Lake Grace - Culture and History


The first European to explore the area was the indomitable Surveyor General John Septimus Roe who passed through the area south of the present townsite in 1848 and named Mt Madden, the most prominent granite outcrop in the area.

Roe was on an expedition to survey and explore the south-east interior of Western Australia. He was accompanied by two soldiers from the 95th regiment, two members of the Surveyor General's Department, and an Aboriginal guide named Souper.

To gain some insight into the kind of experiences that Roe and his party must have had there has been an excellent brochure, the Roe Heritage Trail, produced which covers 23 km of the route he took in the last days of October 1848. The trail starts at Roe Hill near the Old Newdegate Road which is to the west of the main Ravensthorpe–Lake King road. It was here that Roe's party split with one half moving towards Lake King while the other half travelled towards Mt Madden.

The two groups joined up at the base of Mt Madden which Roe named after Dr Richard Madden, Western Australia's Colonial Secretary. Mt Madden is now a popular picnic location and the climb to the top of the outcrop, which is 386 m above sea level, is quite easy and affords excellent views over the surrounding countryside.

Roe's reports on the countryside he visited (he pushed further west on this journey and returned along the coast from Esperance) did not engender any great rush for settlement.

Even the establishment of Holland's Track from Broomehill to the goldfields in 1893 (the tracks made by the drays and wagons can still be seen between Lake Grace and Newdegate (ask for directions from the local Shire Office) could not encourage people to move into the area in significant numbers.

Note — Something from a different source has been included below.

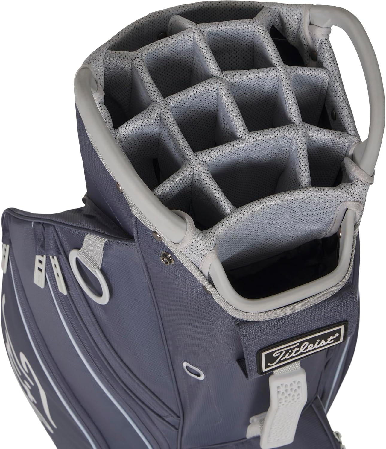 The Cart 14 Bag includes a lightweight, symmetrical design with 10 cart-accessible pockets for improved storage and convenience on the golf course.

In 1909 the surveyor, F. S. Brockman, named Lake Grace after his wife, Grace Bussell. Shortly afterwards settlement occurred in the area but it wasn't until 1914 that Lake Grace got its own school. An Australian Inland Mission Hospital was built in the town in 1925 and around this time the tiny wheatbelt townships of Newdegate (1924), Varley (1928) and Lake King (1928) were established.